Фантастику Стругацких более ранних лет, с несколько большим уклоном в научно-техническую сторону («Страна багровых туч», в меньшей мере — «Трудно быть богом») чаще можно было встретить в круге чтения старших школьников, студентов-естественников, ИТР. Притчево-гротескную, социально-абсурдистскую («Улитка…», «Сказка о тройке», «Пикник…», «Жук в муравейнике») — в кружках гуманитарной интеллигенции крупных городов, в среде представителей «второй» культуры. Среди этих последних ходили и неподцензурные зарубежные — немецкие, американские — издания их книг на русском языке.
Не претендуя на системность, я выделю в социально-философской фантастике Стругацких лишь несколько планов или кругов проблематики. Ограничусь четырьмя, не думая исчерпать их своим описанием, а скорее намечая направления возможного исследования совместными силами каких-то завтрашних социологов, культурологов, историков, буде таковые появятся. С одной стороны (назову ее социологической), эти комплексы проблем связаны с социальной и культурной ситуацией позднесоветского общества, его внутренними конфликтами и дефицитами, представляя собой их литературную транскрипцию в определенной ценностной перспективе и определенными экспрессивно-символическими средствами, приемами определенной поэтики.
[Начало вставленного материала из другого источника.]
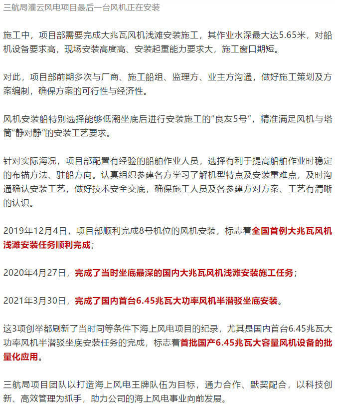 三航局灌云风电项目首台风机施工

С другой стороны, именно эти проблемные комплексы, узлы напряжений, взятые, как уже сказано, в определенной ценностной перспективе, и привлекали в наибольшей степени внимание читателей-современников (так это, по крайней мере, видится мне, тогдашнему читателю).
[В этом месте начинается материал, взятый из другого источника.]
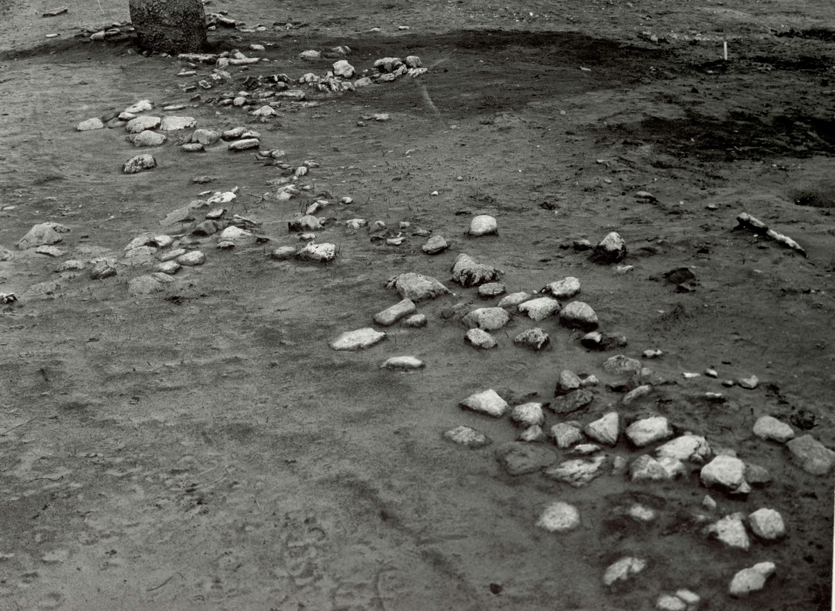 A14. Stensträng, syd-sydväst - nord-nordost. I bakgrunden till vänster i strängen bautastenen A51.

Во-первых, фантастика Стругацких строилась на точном (как тогда говорили, реалистическом) воссоздании реальности, окружавшей человека 1960–1970-х гг. у нас в стране. Читателей не оставляло впечатление, что у героев, ситуаций, деталей обстановки «Понедельника…», «Улитки…», «Пикника…», «Жука в муравейнике» и проч. — всего этого столь заботливо разгороженного и вооруженного бесчисленными пропускáми бардака, всех этих бессмысленных контор и тошнотворных столовок, тесных кухонь и непролазно грязных улиц — имелись реальные прототипы, почему они тут же и опознавались публикой как «свои». Но структура восприятия — процесс усмотрения и признания подобного сходства — была здесь, мне кажется, более сложной.
Речь не шла ни о каком «отражении» и тому подобных идеологических фикциях из тогдашних псевдофилософских и квазилитературоведческих талмудов «о природе искусства». Ход мысли и письма Стругацких, их авторская оптика (я не пишу сейчас их биографию и не занимаюсь психологией, а пытаюсь реконструировать логику) делали — делали
Напомню соображения Юрия Тынянова, относившиеся к 1923–1924 гг. (его обзор текущей словесности «Литературное сегодня»): «И еще одному научила нас фантастика: нет фантастической вещи, и каждая вещь может быть фантастична. Есть фантастика, которая воспринимается как провинциальные декорации, с этими тряпками нечего делать. И точно так же есть быт, который воспринимается как провинциальная декорация. ‹…› Происходит странное дело: литература, из сил выбивающаяся, чтобы „отразить“ быт, — делает невероятным самый быт»[368]
. Стругацкие делают, можно сказать, противоположный ход. Своей фантастикой они дискредитируют реальность, объявляют ее банкротство. Но вместе с тем уже в этом, отмеченном и оцененном ими качестве, окружающее воспринимается подготовленным, «понимающим» читателем как реальное и как «предыстория» прозы Стругацких. Публика воспринимает именно скоординированность двух этих планов собственного сознания, которой (скоординированности, связи, взаимообратимости) и дает название, шифр, метку, именуя ее «реалистичностью».